----- Data excerpt -----
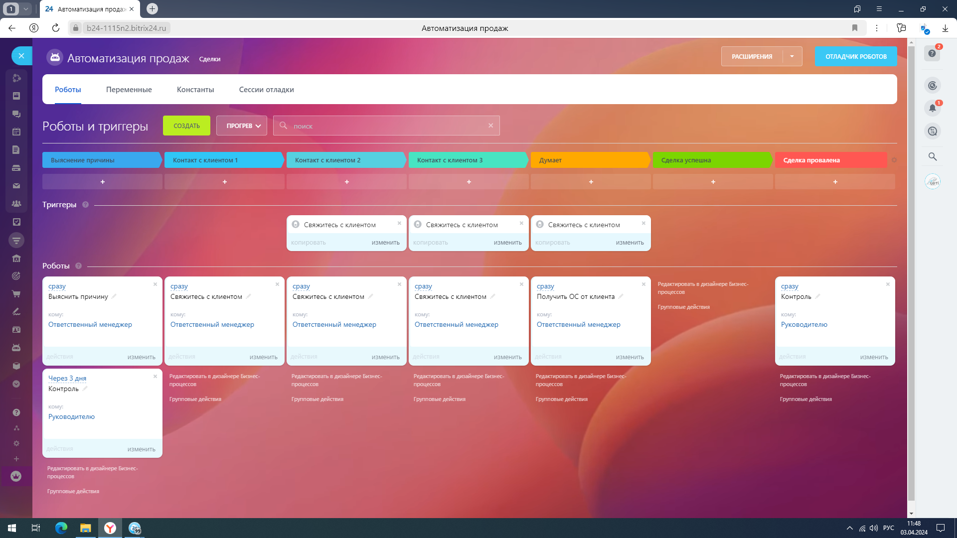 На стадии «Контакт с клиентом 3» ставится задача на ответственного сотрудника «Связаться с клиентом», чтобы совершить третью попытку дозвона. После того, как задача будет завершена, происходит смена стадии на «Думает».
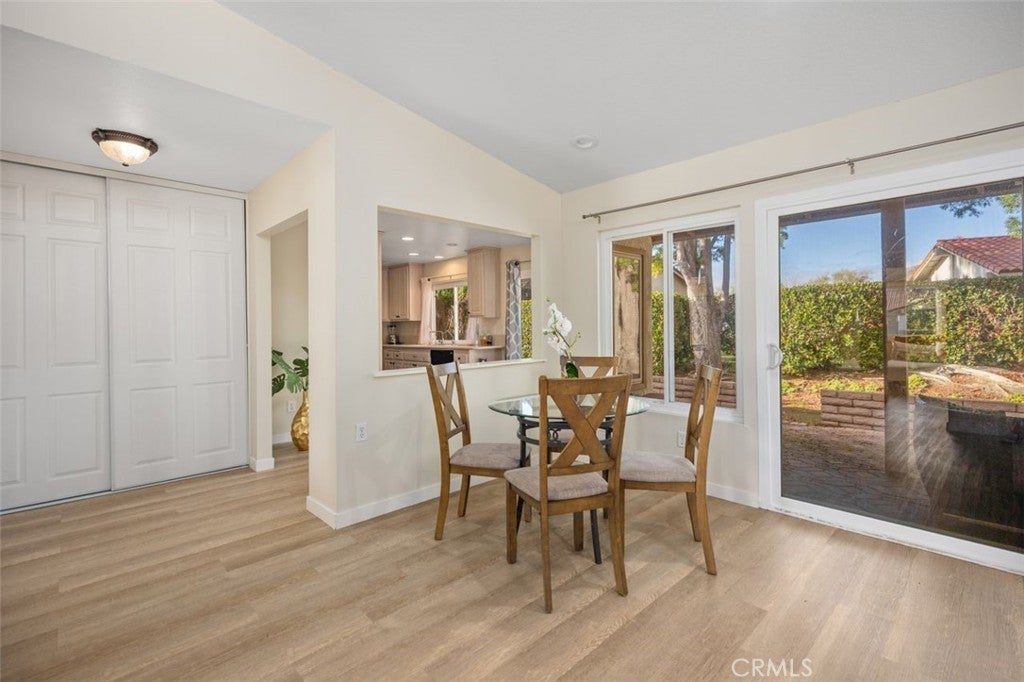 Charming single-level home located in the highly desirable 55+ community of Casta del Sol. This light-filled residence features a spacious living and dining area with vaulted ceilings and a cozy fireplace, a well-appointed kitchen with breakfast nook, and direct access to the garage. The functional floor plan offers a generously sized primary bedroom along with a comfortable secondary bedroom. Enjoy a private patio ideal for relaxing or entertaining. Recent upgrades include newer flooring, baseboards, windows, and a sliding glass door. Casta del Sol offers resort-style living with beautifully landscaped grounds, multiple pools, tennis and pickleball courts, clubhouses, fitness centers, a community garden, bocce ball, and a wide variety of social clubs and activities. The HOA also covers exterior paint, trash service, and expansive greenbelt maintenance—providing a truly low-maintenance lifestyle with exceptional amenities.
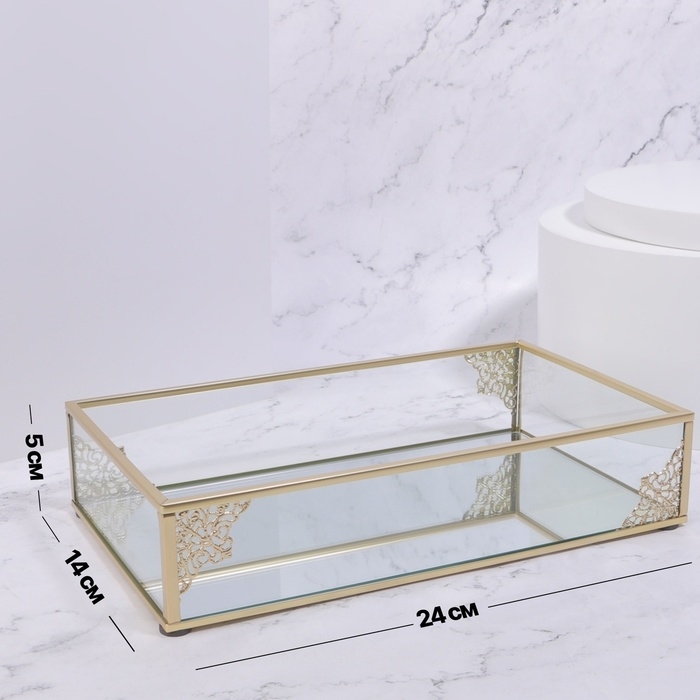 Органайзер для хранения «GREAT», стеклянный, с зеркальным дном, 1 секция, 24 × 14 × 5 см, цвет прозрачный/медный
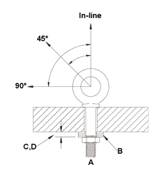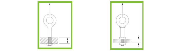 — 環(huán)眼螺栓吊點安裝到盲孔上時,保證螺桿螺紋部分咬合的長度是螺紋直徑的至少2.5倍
-----
## Aim of the task
Your job is to repeat the data exactly, leaving each picture out.

## Exercise solution
 На стадии «Контакт с клиентом 3» ставится задача на ответственного сотрудника «Связаться с клиентом», чтобы совершить третью попытку дозвона. После того, как задача будет завершена, происходит смена стадии на «Думает».
 Charming single-level home located in the highly desirable 55+ community of Casta del Sol. This light-filled residence features a spacious living and dining area with vaulted ceilings and a cozy fireplace, a well-appointed kitchen with breakfast nook, and direct access to the garage. The functional floor plan offers a generously sized primary bedroom along with a comfortable secondary bedroom. Enjoy a private patio ideal for relaxing or entertaining. Recent upgrades include newer flooring, baseboards, windows, and a sliding glass door. Casta del Sol offers resort-style living with beautifully landscaped grounds, multiple pools, tennis and pickleball courts, clubhouses, fitness centers, a community garden, bocce ball, and a wide variety of social clubs and activities. The HOA also covers exterior paint, trash service, and expansive greenbelt maintenance—providing a truly low-maintenance lifestyle with exceptional amenities.
 Органайзер для хранения «GREAT», стеклянный, с зеркальным дном, 1 секция, 24 × 14 × 5 см, цвет прозрачный/медный
 — 環(huán)眼螺栓吊點安裝到盲孔上時,保證螺桿螺紋部分咬合的長度是螺紋直徑的至少2.5倍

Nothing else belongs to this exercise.